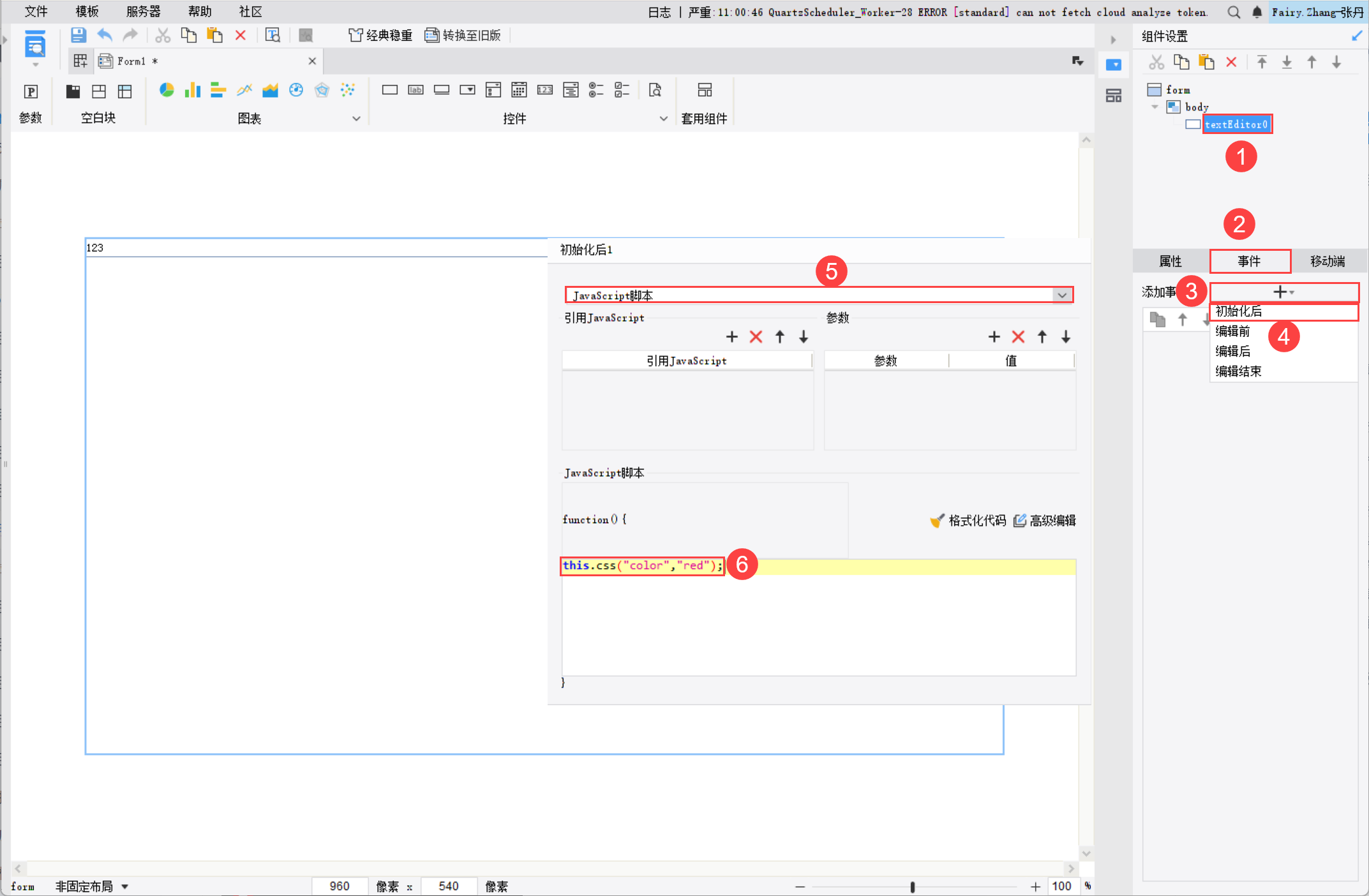 1)在右侧「属性面板」中选中「文本控件」,点击「事件」,点击「+」,添加「初始化后」事件,如下图所示:
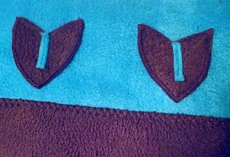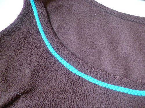 Egy fél centi széles csíkot is kivágtam a kék polárból, ezt felvarrtam cikcakkal a kötényruha nyakkivágására.
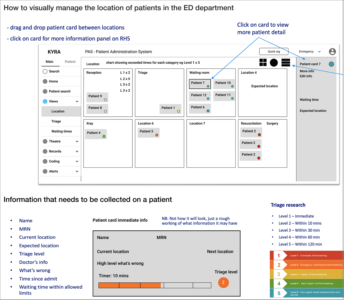 A major departure from legacy PAS was treating patient movement as a primary interaction rather than an administrative task.
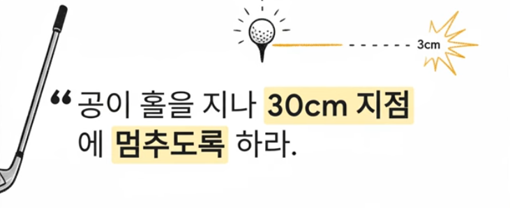 - **황금 구역 목표:** 공이 홀컵을 지나서 **딱 30cm 뒤에 멈추게 쳐라 **.
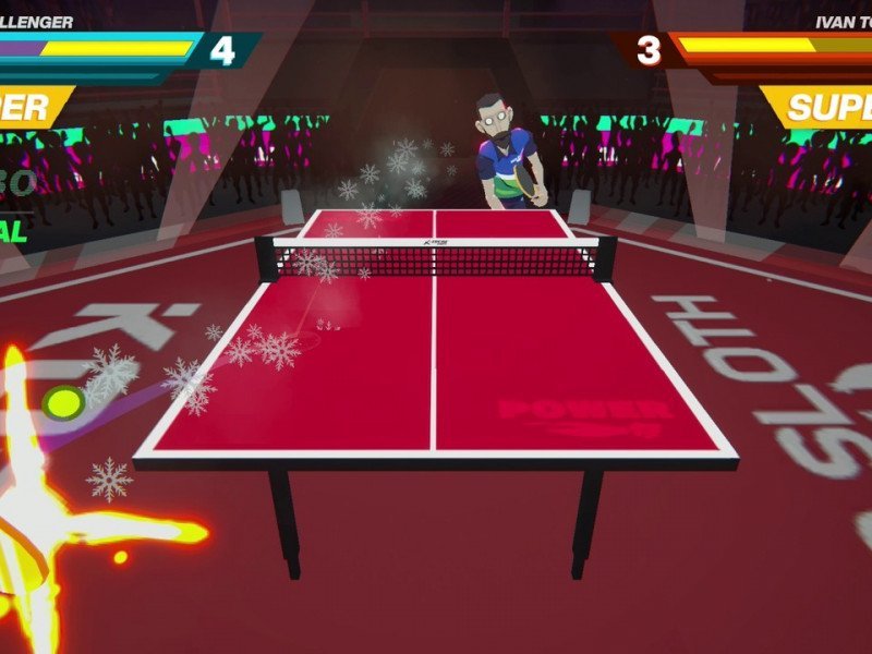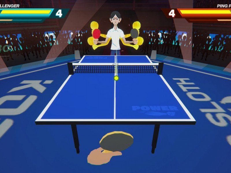 Développé par Suspicious Jam, King of Ping Pong: MEGAMIX est un jeu de ping-pong original qui utilise la vue à la première personne pour proposer une série de défis 3D légers. Vous vous souvenez de Punch Out ? Eh bien, King of Ping Pong: MEGAMIX en est le reflet, sauf qu'au lieu de boxer, on y joue au ping-pong. En résumé, le titre propose une série de tournois de difficulté croissante où nos adversaires se distinguent. Ils constituent d'ailleurs l'élément le plus soigné du jeu et, bien que potentiellement discrets, ils se distinguent par leur esthétique et leur talent. De plus, ils ont des « pouvoirs » alors que nous… n'en avons pas. Ou plutôt, nos possibilités sont considérablement réduites par rapport à eux, et c'est tout l'intérêt du défi arcade du jeu . Hormis la voix répétitive du présentateur et les biographies courtes et fugaces de nos adversaires uniques, King of Ping Pong: MEGAMIX ne propose aucune narration. Et c'est un peu dommage, car les joueurs auraient pu donner plus de vie aux combats, rendant les combats plus palpitants. En l'état actuel des choses, le titre brille uniquement par son style et le caractère unique des ennemis , malheureusement en nombre limité : cinq . Eh oui, il n'y en a que cinq, et malgré plusieurs tournois disponibles, les adversaires seront toujours les mêmes, avec une difficulté croissante. Et en parlant de difficulté , sachez que King of Ping Pong: MEGAMIX ne lésine pas sur les moyens. C'est un jeu d'arcade à l'ancienne, résolument stimulant, qui exige une réflexion rapide et une précision extrême, ainsi qu'une adaptation rapide à la physique imprévisible du jeu. Inutile de préciser que, comme nous le verrons dans la section suivante, les ennemis que nous affronterons se démarquent une fois de plus du reste du jeu, offrant une bonne variété de gameplay !
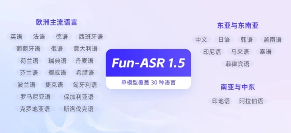 Fun-ASR1.5可精准识别欧洲、东亚、东南亚、南亚及中东主流语种,覆盖中、英、日、韩、法、德、西、葡、俄、阿拉伯语等30种语言。
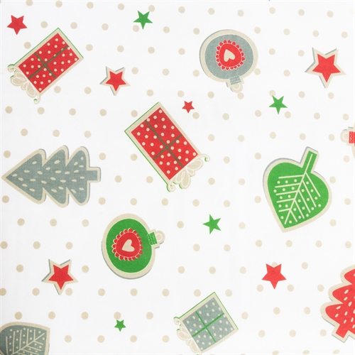 Unser Textil Wachstuch mit Punktmotiv und verschiedenen Weihnachtsdekorationen ist die ideale Wahl, um eine festliche Stimmung für Ihr Abendessen zu schaffen. Mit seiner Breite von 140 cm ist es breit genug für jeden Esstisch. Es kann auf Meterware zugeschnitten werden, wie Sie es wünschen.
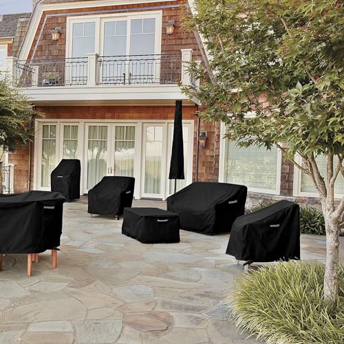 Premium Material — The breathable 420D Oxford fabric allows garden cover to discharge the water vapor inside quickly to avoid the growth of mold and keep the furniture dry. And thanks to the coating treatment, Dokon outdoor furniture cover could better protect your table and chairs against sunlight, rain, snow, wind, and dust
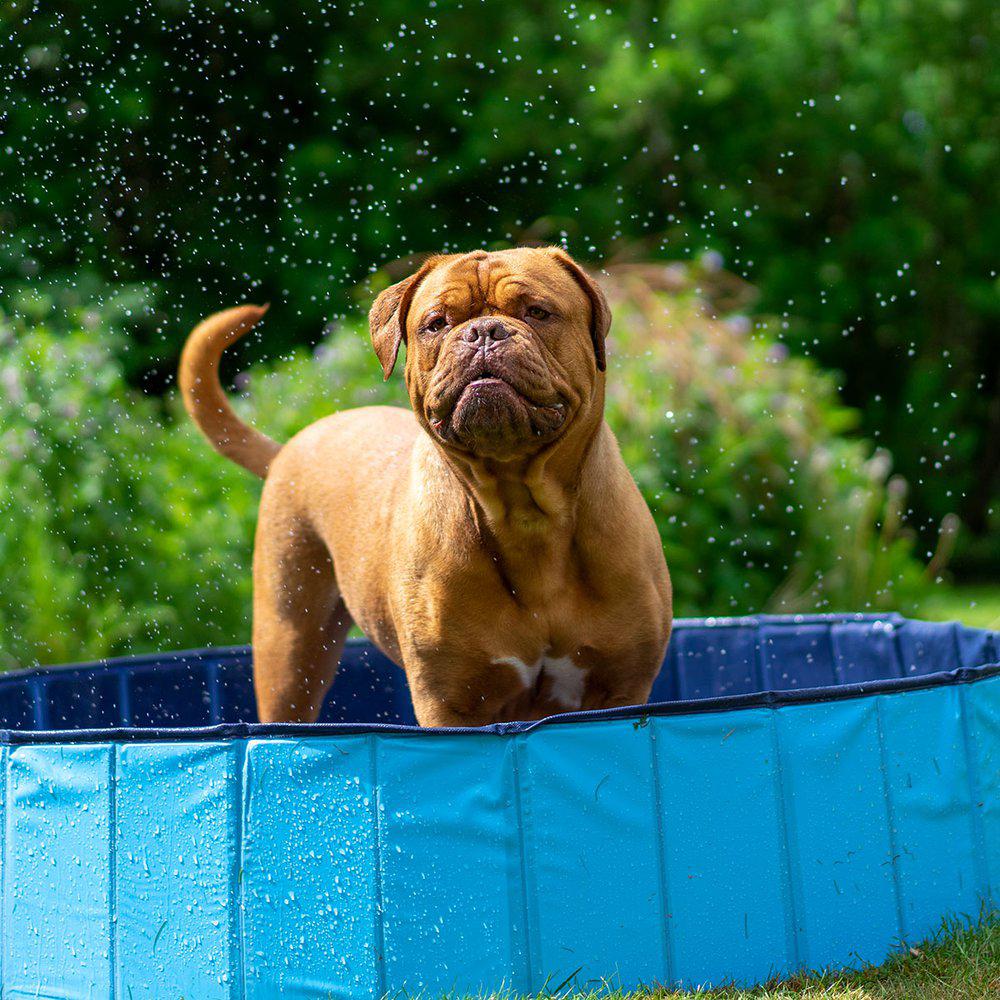 Med den praktiska ventilen töms vattnet ut snabbt och enkelt efter användning. Enkel att montera, ingen pump behövs. Poolens form är anpassningsbar och den kan därför användas i trädgården så väl som på stranden, på balkongen och på altanen. Den kan behållas i den klassiska runda formen eller göras fyrkantig. Den förstärkta botten har anti-glidskydd och är reptålig.Användning: Placera poolen på önskad plats och vrid försiktigt på ventilen. Häll vattnet direkt i poolen. Efter användning, töm ur vattnet genom att vrida på ventilen. Låt poolen torka, vik ihop den och lägg tillbaka den i förpackningen. Varning För att garantera ditt djurs säkerhet ska det övervakas hela tiden när det leker. Låt inte ditt djur använda poolen om några delar har lossnat. Håll utom räckhåll för barn. Använd endast som pool tilldjur. Kontrollera produkten innan lek, om poolen blir skadad, ersätt den med en ny. Om djuret svalt någon del från poolen, kontakta omedelbart veterinär. Se till att djurets klor inte är för långa och vassa för då kan poolen skadas. För poolens hållbarhet, låt inte ditt djur bita i den.
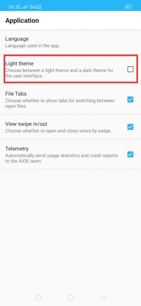 Demikian. Cara mengaktifkan dark mode di AIDE Android. Selamat mencoba.
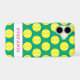 Cute yellow tennis ball pattern personalized iPhone Case. Custom phone covers for her. Fun typography design with sporty print. Cute new case with trendy artwork. Unique Holiday or Birthday gift idea for her. Apple smartphone accessories, version eleven. Add your own name or inspirational quote. Also for other models and Samsung galaxy phones. Great for tennis player, mom, coach, trainer, teacher, instructor, girl, sister, wife, girlfriend etc. Also great for padel lover!

▶ [TASK] From the records above, copy only the lines running from the line containing "A major departure" to the line containing "- **황금 구역 목표:**", both ends included. Leave the pictures out.

▶ [EXERCISE RESPONSE]
 A major departure from legacy PAS was treating patient movement as a primary interaction rather than an administrative task.
 - **황금 구역 목표:** 공이 홀컵을 지나서 **딱 30cm 뒤에 멈추게 쳐라 **.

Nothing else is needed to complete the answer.